Her life was tremendously difficult mostly because of her decisions, yet she owned them. Even in her worst, she was authentically unapologetic. I didn’t really know her apart from a short semester I stayed with her when I was a university freshman. If I hadn’t stayed with her maybe I would have a more romantic view of what she was. Sadly, it was not as I expected. But I’m not saying this because of vindictiveness. I have no anger in my heart. It’s just that I never really knew her outside of my own experience and she never had a chance to make it up with me. At the end of her life, she suffered so much, and I deeply pitied her. But I wished I have felt more than that. I wished I felt love for her, and I regret that I never had a chance to make it up with her.

I am Mama’s daughter. And on the eve of my 50th  birthday, confronted by unfounded fears, I wondered about how my deepest and most vivid childhood memory was linked to her going away, and how I remembered that particular childhood incident last night when I realized mommy saved me from an impending nightmare, maybe even death. So much of my fears and triggers are rooted in that one incident when I was a child. Or maybe many others I am not even aware of.

Many times since I became a mother, I confront myself with my own ineptitude. I know I am not the ideal one that my sisters and Mommy are. I beat myself up whenever I could. Even in other areas of my life, I sometimes find myself hostage in victimhood, and I tell myself that I have to own up to my mistakes and stop the blame game. Sometimes I succeed, sometimes I don’t. Once in a while, I become aware of subtle self-sabotage. I arrest myself and start again. Trigger, arrest, reset. I wish life was as simple as a thousand-word blog post, but it is not. So I thought it would help to go deeper and face my shadows head-on with the courage of my tragic mother and the temperance of my comforting mom. Because ultimately, I am their daughter, and both of them are my mothers.

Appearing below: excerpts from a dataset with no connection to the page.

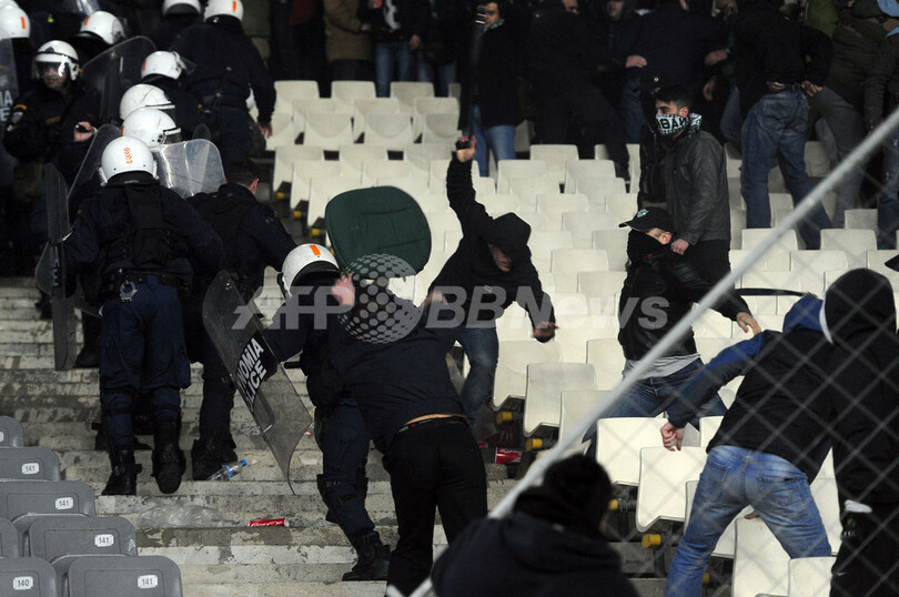 【3月19日 AFP】ギリシャの首都アテネ(Athens)で18日に行われたサッカーギリシャ1部リーグ第25節の試合で暴動が発生し、オリンピアコス(Olympiacos)とパナシナイコス(Panathinaikos)によるギリシャ・ダービーは中止になった。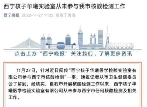 “自我市开展核酸检测工作以来,西宁核子华曦医学检验实验室有限公司从未参与西宁市任何核酸检测及相关工作。”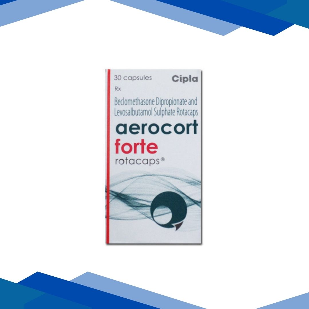 AEROCORT FORTE ROTACAP is a combination of Beclomethasone and Levosalbutamol which belongs to the group of medicines called Anti-asthmatic drugs. It is used to manage asthma and chronic obstructive pulmonary disease (COPD). It relieves wheezing, shortness of breath, coughing and chest tightness caused due to narrowing of airways.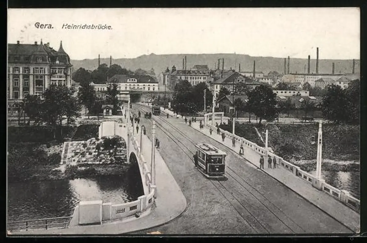 AK Gera, Heinrichsbrücke mit Strassenbahn aus der Vogelschau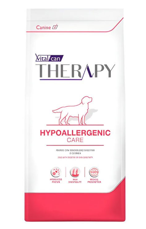 Vitalcan Therapy Canine Hypoallergenic Care es un alimento completo de prescripción para perros de todas las edades que presentan alergia e intolerancia alimentaria con manifestaciones digestivas y/o cutáneas. Este alimento ha sido elaborado con proteínas hidrolizadas de bajo peso molecular y carbohidratos especialmente seleccionados para colaborar con el tratamiento de estas patologías.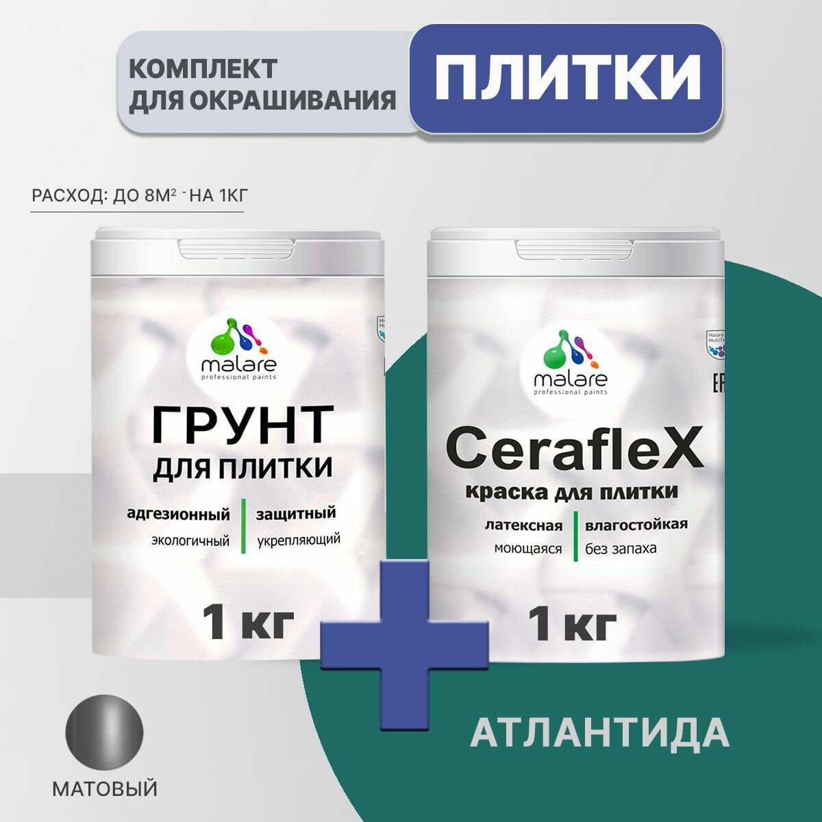 Комплект Malare для окрашивания плитки и кафеля (1кг грунт + 1кг краска), акриловый, без запаха, быстросохнущий, матовый, цвет агатовый серый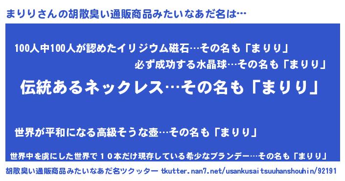 | 意味不明あだ名 | 『とにかく怪しいまりり』 |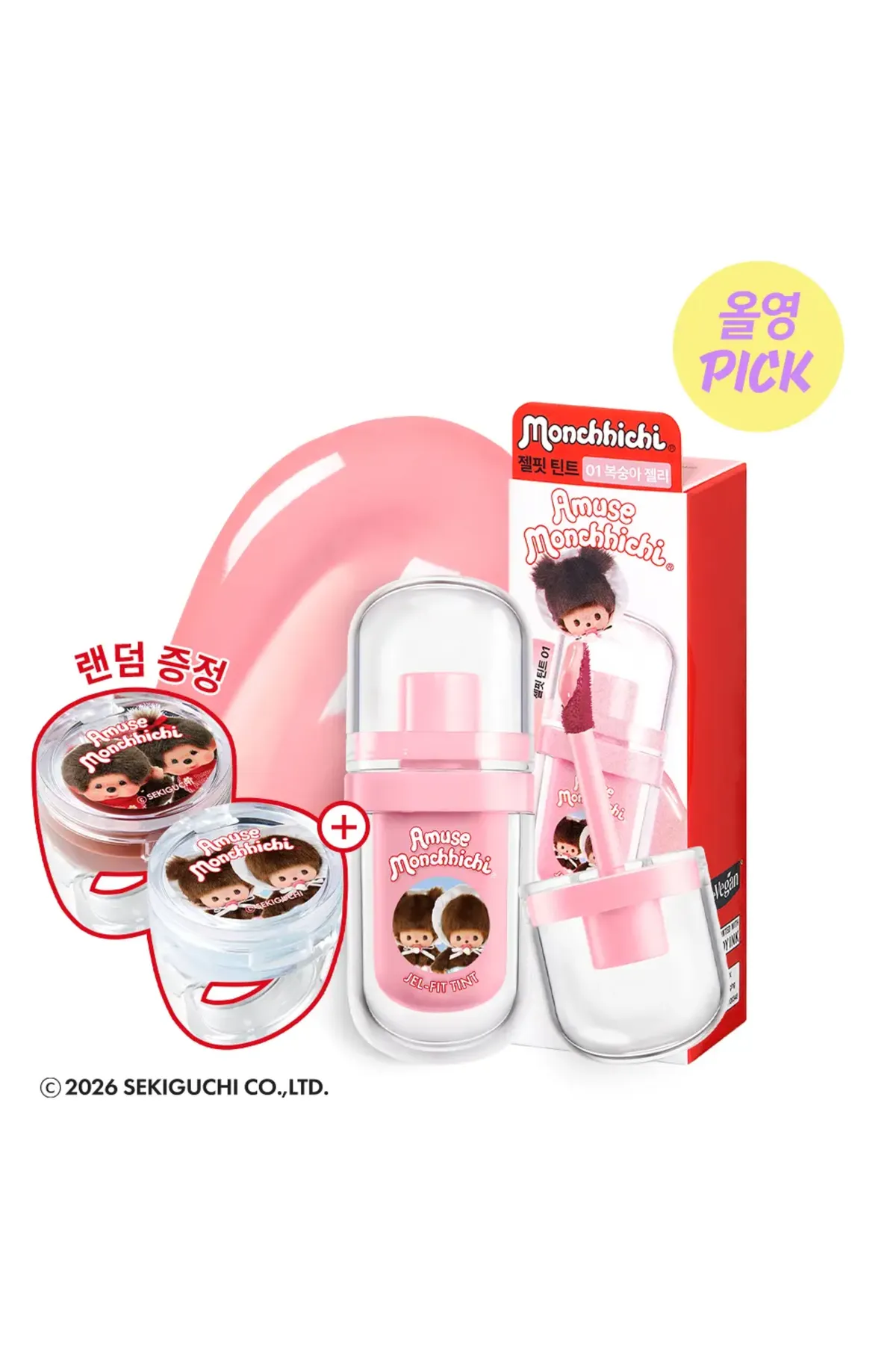 OLY028蒙奇奇聯名果凍唇釉(3.8G) 01 06 售價$550Amuse X Monchichi聯名款,張員瑛代言水潤、保濕、持久,果凍般緊緻服貼質地01=복숭아 젤리06=서울 걸內容物:正裝*1+隨機贈送聯名戒指唇膏*1*聯名款贈品送完為止 以下款式,01 以下款式,06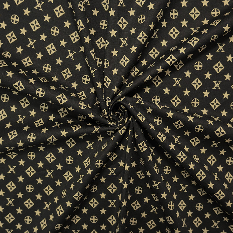 -This cotton-spandex poplin combines a modern geometric print of stars and diamond shapes with a comfortable stretch construction. The crisp finish makes it well-suited for contemporary streetwear and branded apparel.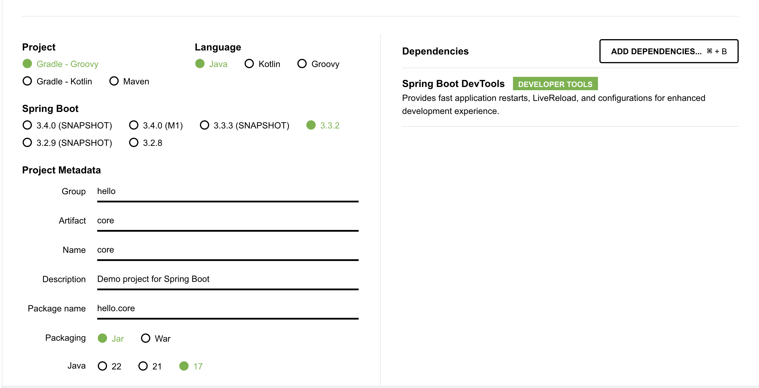 Dependencies 에는 dev tools 만 선택했다. 가장 기본적인 셋팅으로 프로젝트를 진행해보자.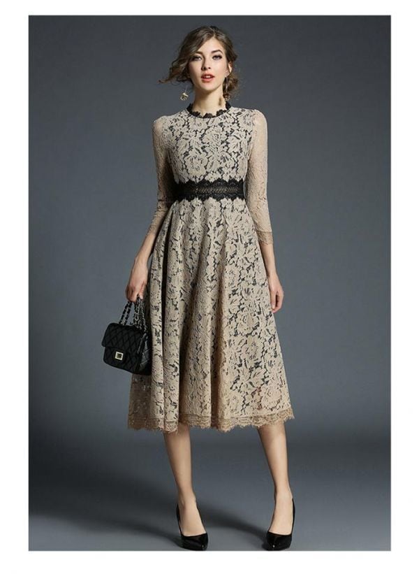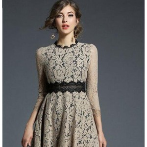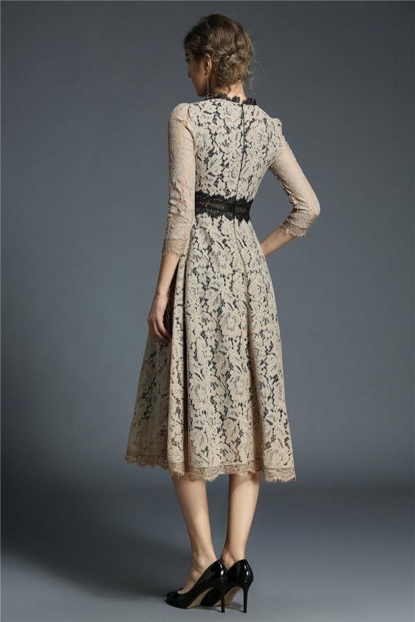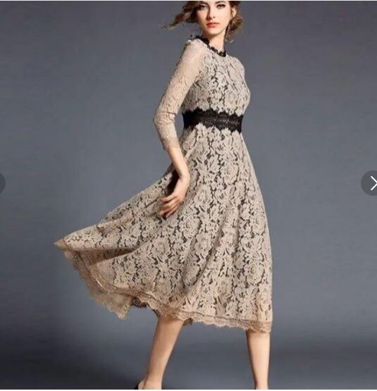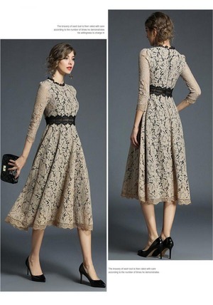 デイシ-刺繍総レ-スフェミニンなデザインのミモレ丈ワンピ-スです。ウエストにデイシ-柄刺繍がデザインされています。スリムに見えるデザインで大人の女性を醸し出してくれる一着です。裏地あり。背中ファスナ-有。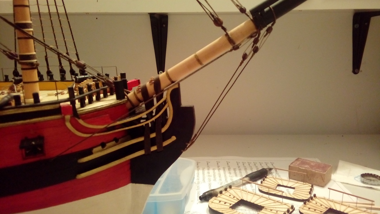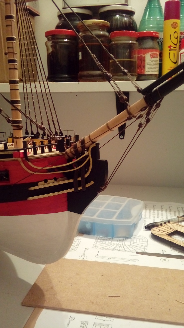 Ciąg dalszy prac, kolumny masztów i bukszpryt na razie na tym etapie wykończenia.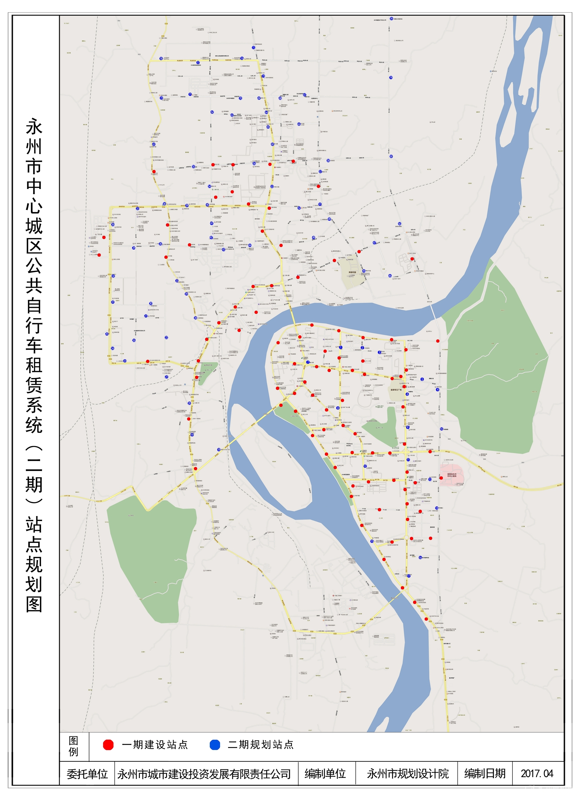 为方便市民绿色出行,缓解道路交通压力,完善城市交通系统,提升城市品位,根据市委、市政府的工作安排,近期,将在永州市中心城区建设公共自行车租赁系统(二期),对共自行车租赁系统(一期)项目建设进行完善和补充。城投集团组织设计规划单位对公共自行车租赁系统进行了实地勘察、科学调研,对具体建设站点进行了合理规划布局,并进行了单位内部审核,现将拟建站点规划情况公示如下: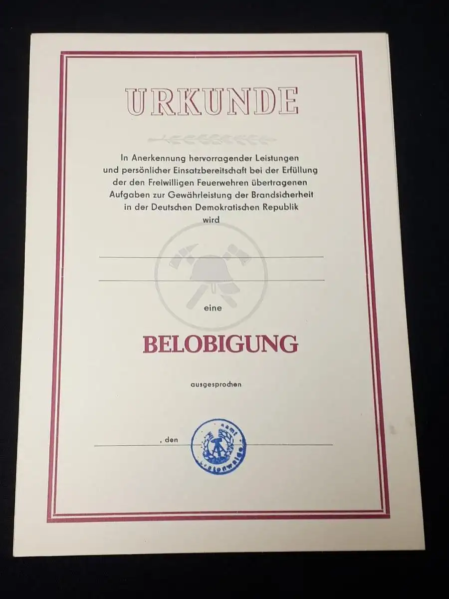 DDR Freiwillige Feuerwehr Urkunde blanko K.U.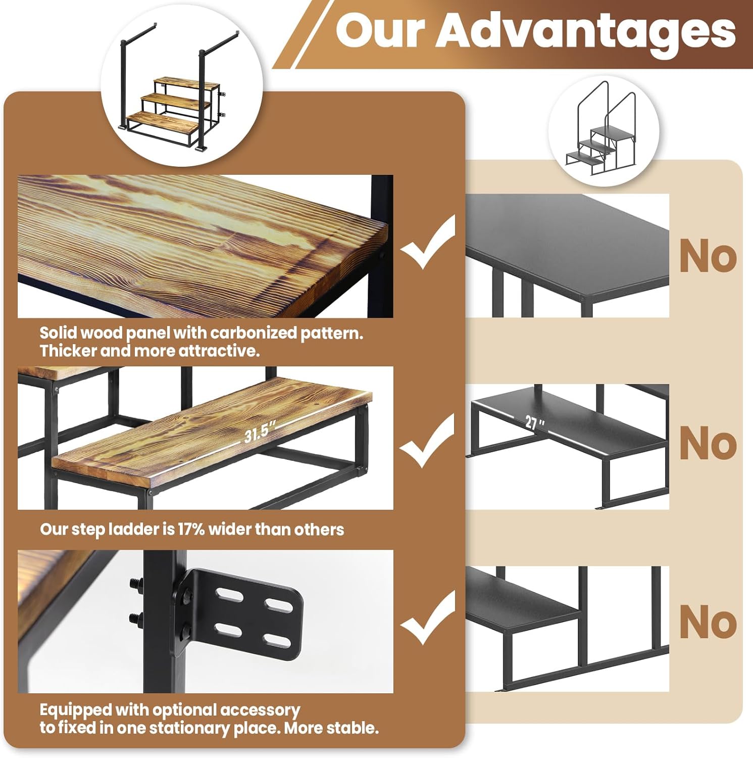 Hiring a mason to build a permanent concrete step was costly, and reliable installers were hard to find. Temporary plastic steps shifted over time, and indoor stools were unsafe outdoors. Nothing available felt secure, durable, or truly senior-friendly.

I thought I had forgiven Mama a long time ago. I uttered a prayer for her last night and thought that if she ever is anywhere, I hope she would know that I have forgiven her. And I hope that she has forgiven me and that my children could forgive me in turn. I don’t want to struggle anymore. I don’t want people who love me to suffer because of the wounds I took so long to heal. I want to come from a place of deep, unconditional love. Even transcendental. For everyone in my life. But most especially for myself. I want to be grateful and courageous and authentic and present and persevering. Loving others unapologetically, while loving myself fiercely.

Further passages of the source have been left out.